Task requirements
Looking at the listing, state how many of its lines contain the string "neck". Write only the number.

Task material
++++++++++++++++++++
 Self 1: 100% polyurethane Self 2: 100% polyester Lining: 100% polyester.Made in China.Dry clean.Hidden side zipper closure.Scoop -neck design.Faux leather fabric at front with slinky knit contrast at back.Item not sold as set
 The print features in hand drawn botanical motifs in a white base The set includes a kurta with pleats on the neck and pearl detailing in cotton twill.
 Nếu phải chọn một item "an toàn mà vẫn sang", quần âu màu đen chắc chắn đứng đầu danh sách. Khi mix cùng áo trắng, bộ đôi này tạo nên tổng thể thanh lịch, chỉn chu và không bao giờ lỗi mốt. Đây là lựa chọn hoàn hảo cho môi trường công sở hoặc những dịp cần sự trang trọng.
++++++++++++++++++++
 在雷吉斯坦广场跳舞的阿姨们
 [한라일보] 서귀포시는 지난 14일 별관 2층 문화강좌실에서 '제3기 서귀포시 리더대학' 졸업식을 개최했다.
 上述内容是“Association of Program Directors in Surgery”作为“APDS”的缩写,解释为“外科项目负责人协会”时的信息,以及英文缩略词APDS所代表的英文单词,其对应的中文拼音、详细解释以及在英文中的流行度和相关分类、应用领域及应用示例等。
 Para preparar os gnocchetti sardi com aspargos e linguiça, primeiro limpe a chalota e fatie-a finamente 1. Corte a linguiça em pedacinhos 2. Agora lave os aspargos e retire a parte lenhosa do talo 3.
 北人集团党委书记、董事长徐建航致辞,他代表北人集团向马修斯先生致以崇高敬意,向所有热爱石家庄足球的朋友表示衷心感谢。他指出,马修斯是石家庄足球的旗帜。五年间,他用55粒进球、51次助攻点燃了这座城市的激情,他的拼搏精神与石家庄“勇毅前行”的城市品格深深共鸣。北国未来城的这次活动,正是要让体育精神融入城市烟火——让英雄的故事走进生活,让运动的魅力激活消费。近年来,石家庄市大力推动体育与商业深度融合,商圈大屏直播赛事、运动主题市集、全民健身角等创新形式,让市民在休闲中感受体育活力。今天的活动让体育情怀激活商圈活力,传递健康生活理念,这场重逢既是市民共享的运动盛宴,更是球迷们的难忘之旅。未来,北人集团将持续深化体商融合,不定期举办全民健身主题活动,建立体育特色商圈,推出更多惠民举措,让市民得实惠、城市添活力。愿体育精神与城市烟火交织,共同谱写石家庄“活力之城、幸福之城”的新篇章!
++++++++++++++++++++
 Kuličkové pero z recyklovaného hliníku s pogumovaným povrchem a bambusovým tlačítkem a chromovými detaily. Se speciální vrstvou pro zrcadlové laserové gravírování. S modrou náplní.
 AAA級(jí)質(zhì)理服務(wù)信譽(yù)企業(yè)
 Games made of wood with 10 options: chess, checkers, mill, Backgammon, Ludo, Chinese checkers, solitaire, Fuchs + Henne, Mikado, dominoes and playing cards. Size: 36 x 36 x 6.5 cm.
++++++++++++++++++++
Expected answer
2